The researchers published their findings in the International Journal of Molecular Sciences.

"Globally, the incidence and mortality rates of pancreatic cancer continue to rise, with a five-year survival rate of less than 10%," said co-author Narandalai Danshiitsoodol, associate professor in Department of Probiotic Science for Preventive Medicine, Graduate School of Biomedical and Health Sciences. "Pancreatic cancer is highly invasive and prone to metastasis, showing significant resistance to existing treatments, such as surgery, radiotherapy and chemotherapy. As such, there is an urgent need to identify new and effective anticancer compounds, particularly those derived from medicinal plants."

Prior studies by other researchers indicated that stevia leaf extract demonstrated potential as an anticancer drug, but isolating and applying the specific bioactive components that protect against cancer cells has remained challenging, Danshiitsoodol said. However, fermenting with bacteria can structurally change the extract and produce bioactive metabolites, which are compounds that can impact living organisms.

"To enhance the pharmacological efficacy of natural plant extracts, microbial biotransformation has emerged as an effective strategy," said corresponding author Masanori Sugiyama, professor in the Department of Probiotic Science for Preventive Medicine, Graduate School of Biomedical and Health Sciences. Sugiyama's lab has isolated and evaluated the health benefits of more than 1,300 lactic acid bacteria (LAB) strains from fruits, vegetables, flowers and medicinal plants. "In this study, we aimed to compare LAB-fermented and non-fermented extracts to identify key compounds that enhance bioactivity, ultimately contributing to the efficacy of herbal medicine in cancer prevention and therapy."
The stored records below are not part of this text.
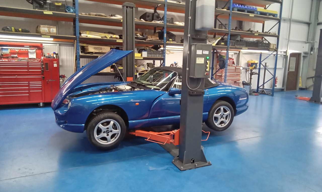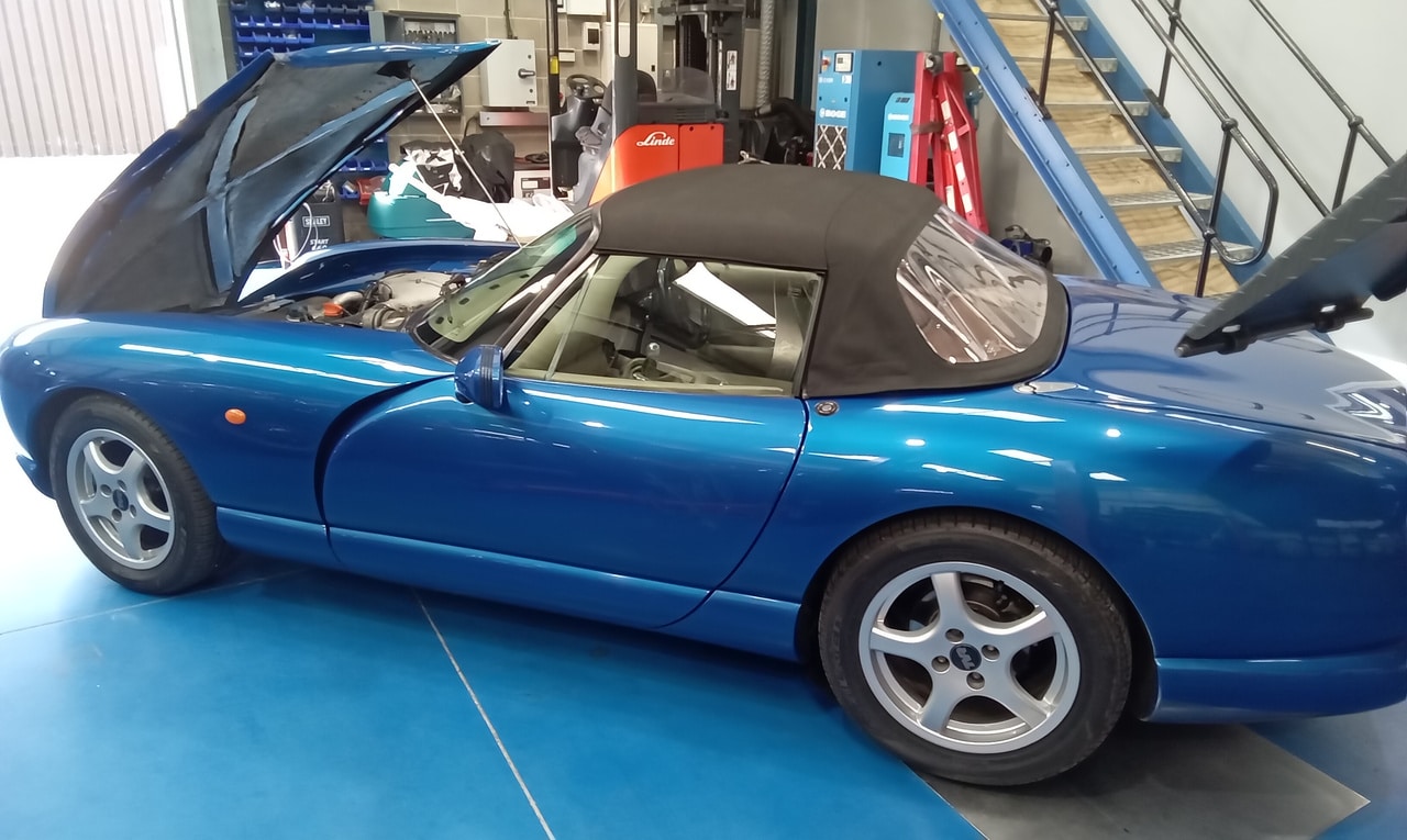 Jon carried out an inspection and service on the 1994 TVR Chimaera here at the Bridge Classic Cars HQ while also investigating some running issues. He checked the engine bay for potential faults and arranged for a new coolant temperature sensor to be ordered, as this is a common cause of problems on these engines. He also raised with the customer the importance of confirming when the fuel was last added, as the tank was full but the age of the fuel was uncertain.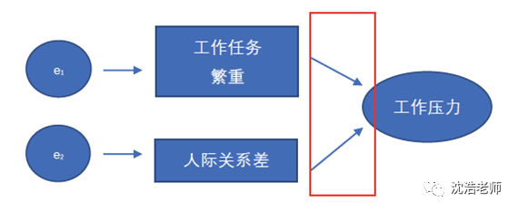 然而,有些时候,潜变量的意义是由测量变量来决定的,这一类测量模型就称为形成性测量模型(Formative Measurement Model),所对应的测量变量即为形成性指标(Formative Indicator)。举个例子:工作任务繁重,人际关系差等造成了工作压力。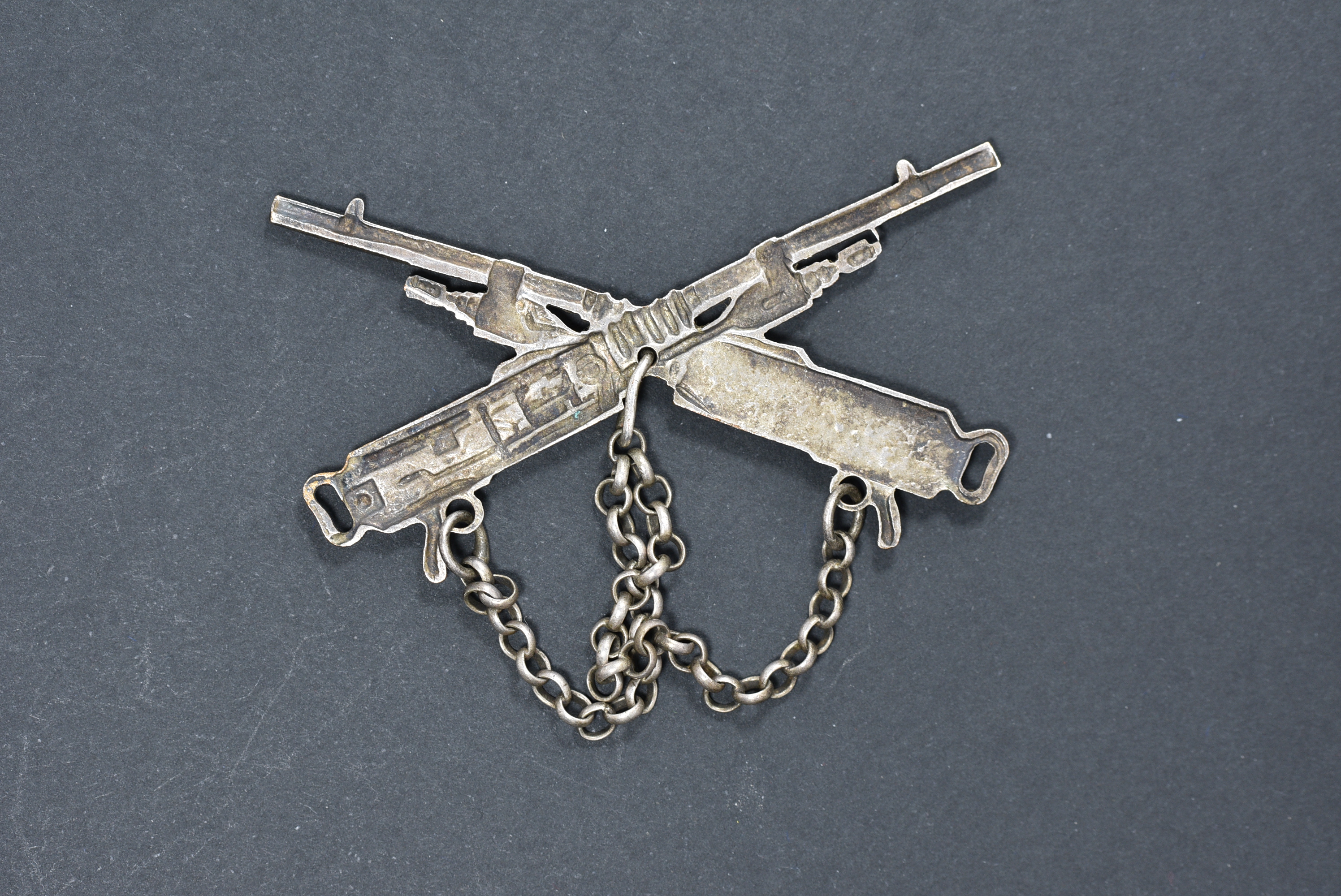 Une enseigne en argent, anciennes mitrailleuses croisées.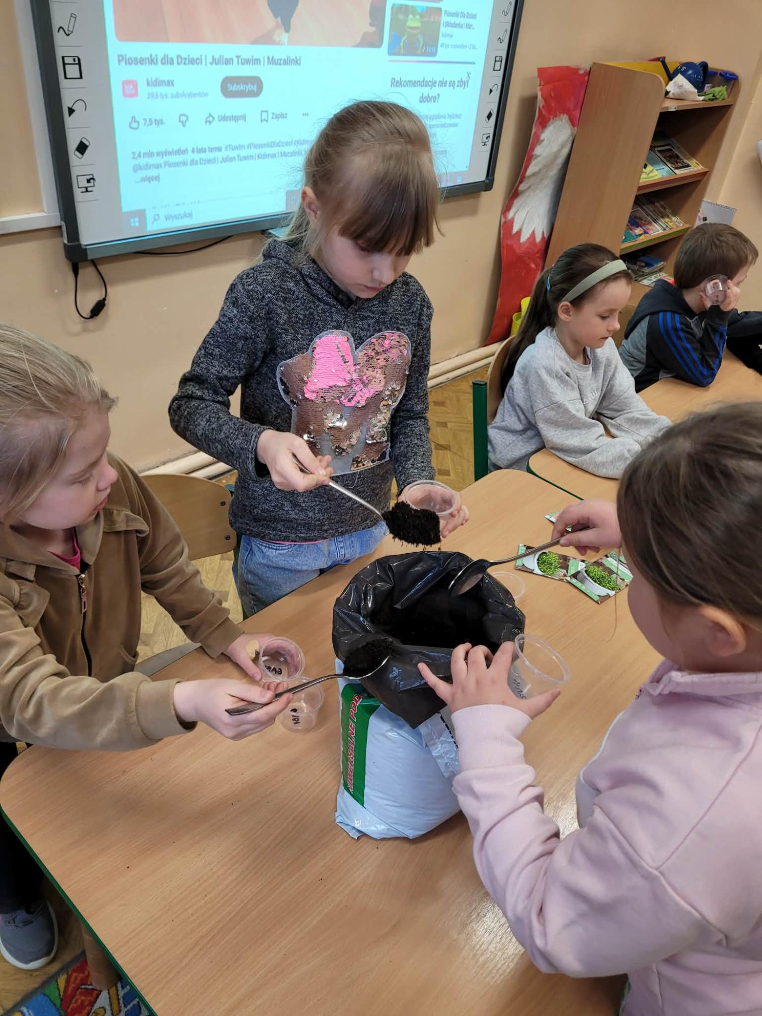 Nie zabrakło także nowoczesnych form nauki – dzieci brały udział w quizach na tablicy interaktywnej, poszerzając swoją wiedzę o wiośnie w ciekawy i angażujący sposób.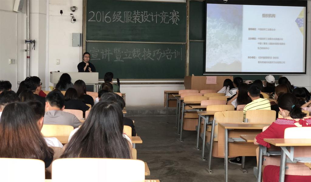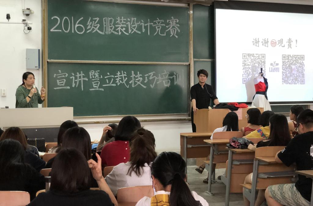 于2018年6月27日下午14:30在临潼校区B-337教室组织召开2016级服装设计竞赛宣讲暨立裁技巧培训,中国纺织工业联合会郭也可、孙洁、“莲御”婚纱礼服创始人朱盺有、925足球直播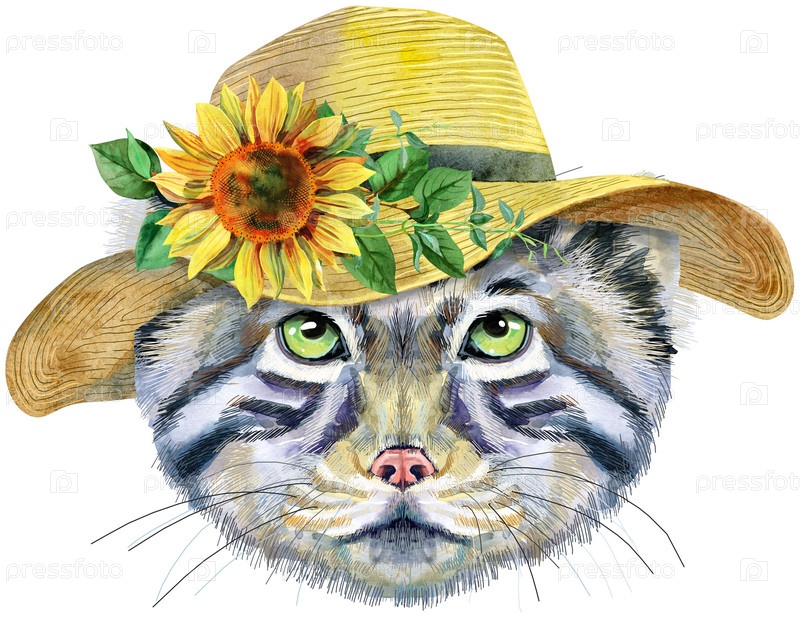 Акварельный портрет кота Манула в летней шляпе на белом фоне

Specifically, the team fermented stevia leaf extract with plant-derived Lactobacillus plantarum SN13T strain (FSLE) and compared its effects on pancreatic cancer (PANC-1) cells in the lab, alongside non-cancerous human embryonic kidney cells HEK-293, to the effects of non-fermented stevia extract. The cells utilized in these experiments were acquired from established commercial cell lines.

"Our findings indicate that FSLE demonstrates significantly greater cytotoxicity than the non-fermented extract at equivalent concentrations, suggesting that the fermentation process enhances the bioactivity of the extract," Sugiyama said. "Notably, FSLE exhibited lower toxicity toward the HEK-293 cells, with minimal inhibition observed even at the highest concentration tested."

Additional analyses identified chlorogenic acid methyl ester (CAME) as the active anti-cancer compound. When fermented, the concentration of chlorogenic acid in the extract dropped six-fold, indicating a microbial transformation, according to Danshiitsoodol.

"This microbial transformation was likely due to specific enzymes in the bacteria strain used," Danshiitsoodol said. "Our data demonstrate that CAME exhibits stronger toxicity to cells and pro-apoptotic effects -- which encourage cell death -- on PANC-1 cells compared to chlorogenic acid alone."

Next, the researchers said they plan to study the effects in a mouse model to better understand the effectiveness of various dosages across a whole-body system.

"The present study has substantially enhanced our understanding of the mechanism of action of the Lactobacillus plantarum SN13T strain in the fermentation of herbal extracts, while also offering a valuable research perspective on the potential application of probiotics as natural anti-tumor agents," Danshiitsoodol said.

Other contributors include Rentao Zhang and Masafumi Noda, Department of Probiotic Science for Preventive Medicine, Graduate School of Biomedical and Health Sciences, Hiroshima University; and Sayaka Yonezawa and Keishi Kanno, Department of General Internal Medicine, Hiroshima University Hospital.